What is needed:
Give back the whole listing word for word and skip each picture.

Stored data:

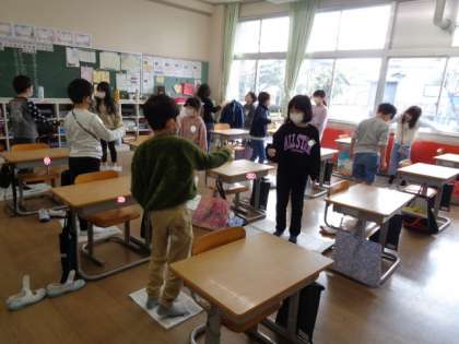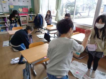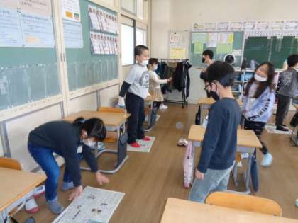 3学期の話、1月の席替え、新しい一人一役の担当を決めた後に、ペアで新聞ジャンケンで遊びました。負けるとどんどん自分の新聞が小さくなっていきます。子供たちは勝っても負けても笑顔で楽しそうに友達と遊んでいました。今学期も、みんなで仲良く、ぐんぐん成長していきましょう!
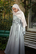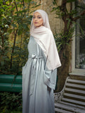 With its wide sleeves and nursing-friendly design, this piece is both elegant and functional.
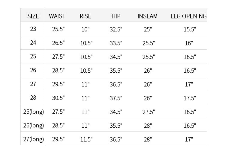 - Measurements from size 26: Rise: 10.5in / 27cm, Inseam: 25.5in / 65cm, Leg opening: 16.75in / 42.6cm
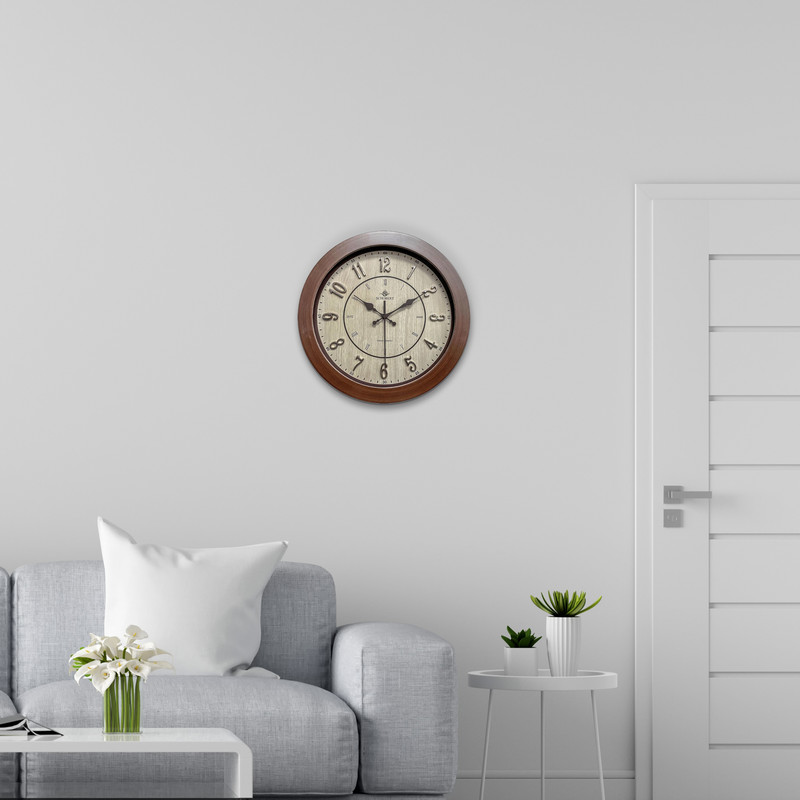 استفاده ازفریم قهوه ای به همراه اعداد آبکاری شده با رنگ طلایی این محصول را نسبت به ساعت های موجود در بازار در این ابعاد متمایزز کرده است .

Solution to the exercise:
 3学期の話、1月の席替え、新しい一人一役の担当を決めた後に、ペアで新聞ジャンケンで遊びました。負けるとどんどん自分の新聞が小さくなっていきます。子供たちは勝っても負けても笑顔で楽しそうに友達と遊んでいました。今学期も、みんなで仲良く、ぐんぐん成長していきましょう!
 With its wide sleeves and nursing-friendly design, this piece is both elegant and functional.
 - Measurements from size 26: Rise: 10.5in / 27cm, Inseam: 25.5in / 65cm, Leg opening: 16.75in / 42.6cm
 استفاده ازفریم قهوه ای به همراه اعداد آبکاری شده با رنگ طلایی این محصول را نسبت به ساعت های موجود در بازار در این ابعاد متمایزز کرده است .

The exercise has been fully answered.